After finishing his errand, he should have gone straight home. Instead he moved on toward the inevitable. He looked frequently over his shoulder to make sure that the next truck did not flatten him like roadkill. He turned into Ağa Hamamı Street and continued walking until he arrived at the dreaded cul-de-sac. For years his heart had been breaking whenever he unwittingly caught sight of the satellite dishes, crumbling stairs, corrugated plastic sheets installed as awnings, and other signs that the mansions of Kalypso’s street had become poor tenements. On that day, however, he received an even greater shock: the exterior of the wooden house where she had lived had been completely renovated. Its front stairs had been redone with new marble, its corroding door replaced with a steel security door painted bright green, and its shingles varnished to a shine he had not seen in over fifty years. Fanis ascended the alley. Two little girls sitting in the doorway of another house giggled. They were probably laughing at him, a short old man turning in circles and looking up at those houses as if he were lost not in space, but in time.

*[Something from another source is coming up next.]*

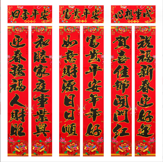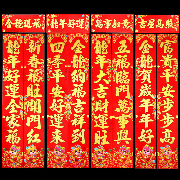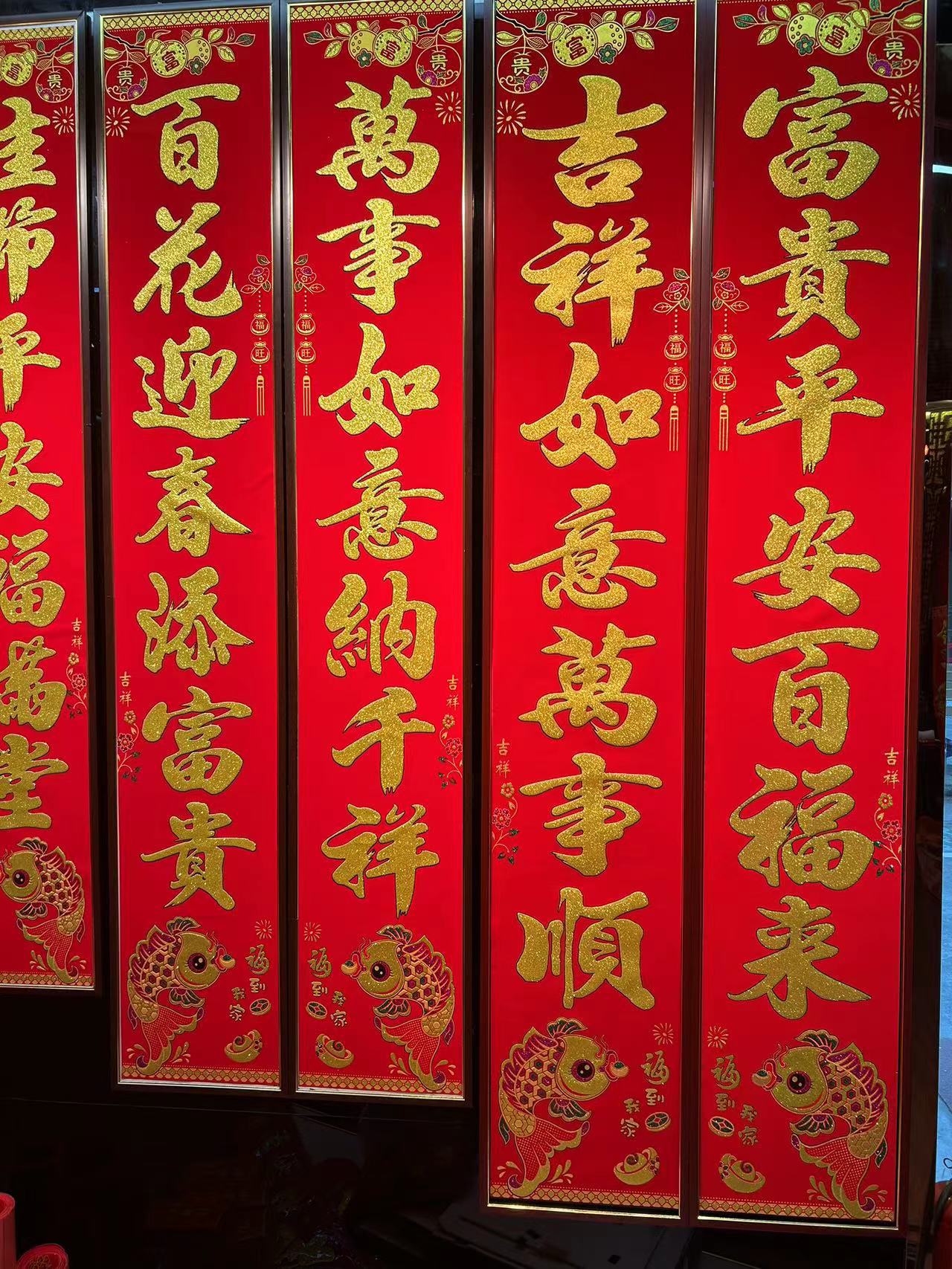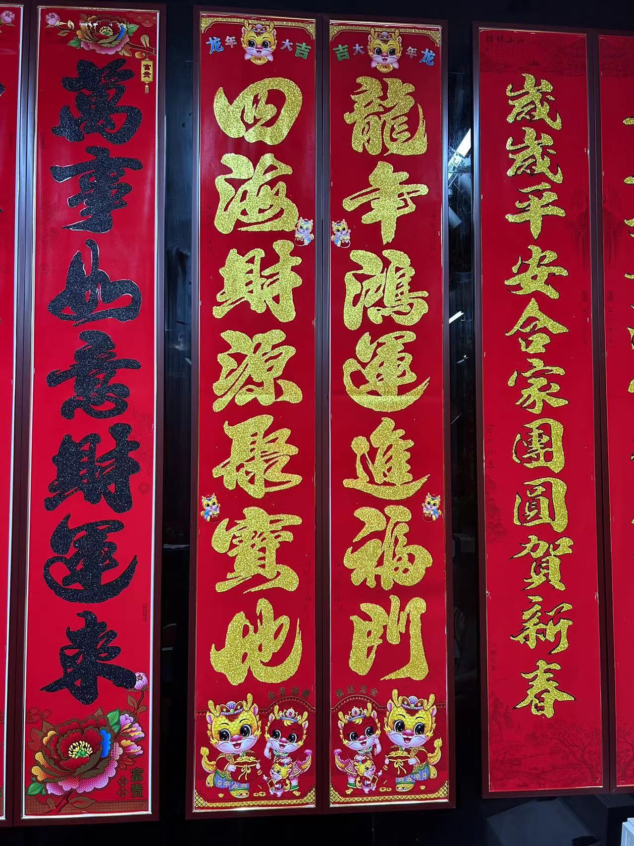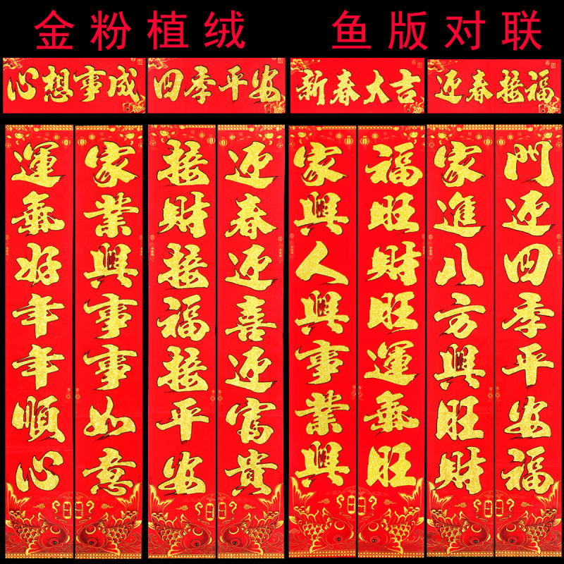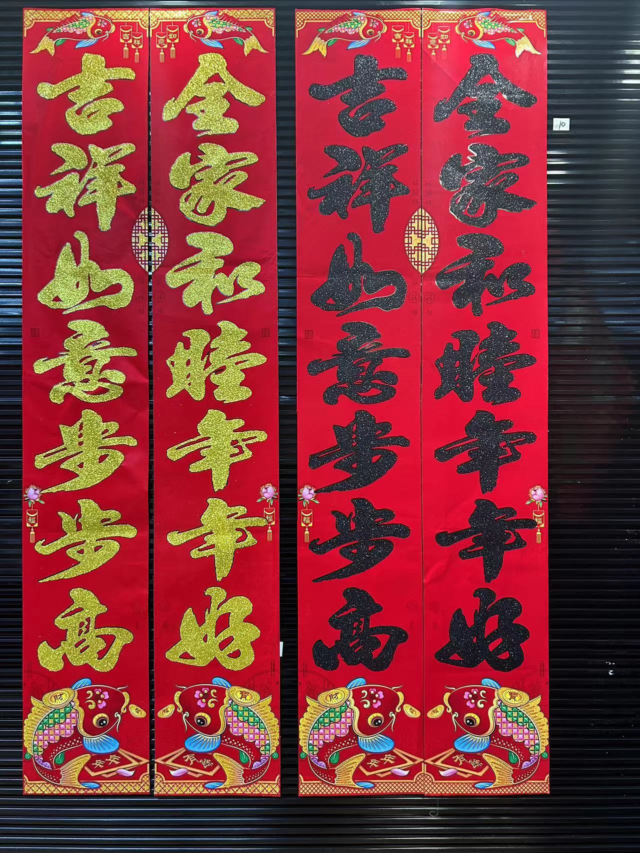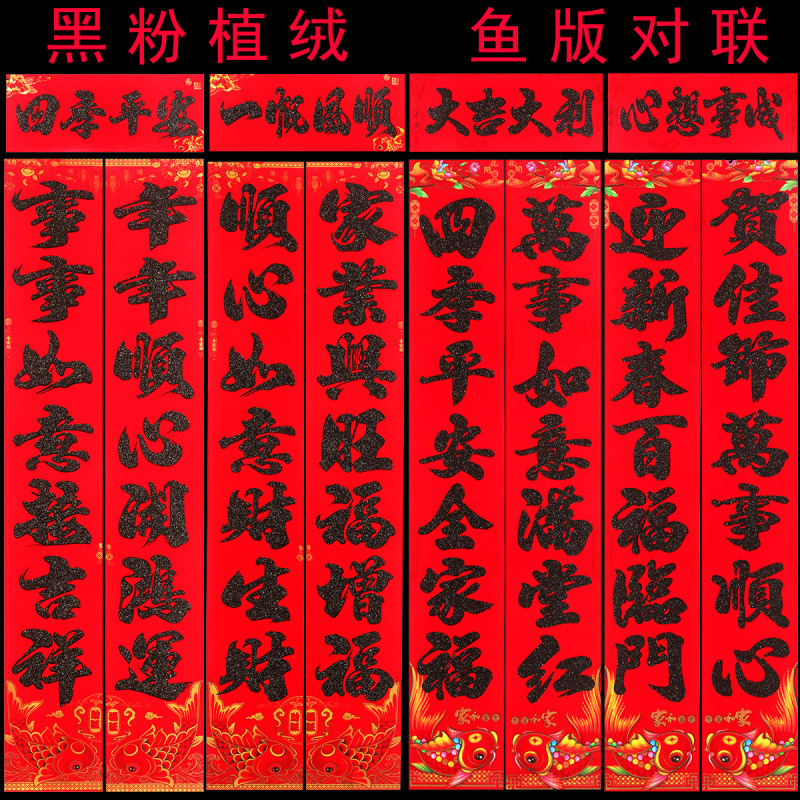 2025蛇年春节对联新款高档植绒撒金粉对联黑字对联春联厂家批发

Fanis returned home and went straight to his mother’s room, which he maintained exactly as it had been during her lifetime. He sat down on the violet-embroidered coverlet that his mother had made before she was married. Above the headboard, in a heavy, gold-painted frame was a vista of the Bosporus lined with pine trees. On the nightstand was his parents’ wedding photograph, taken on the steps of the Panagia. He knew that if he looked into the armoire, he would find all his mother’s clothes protected by prodigious amounts of naphthalene and lavender. Since her death he had not dared open it even once.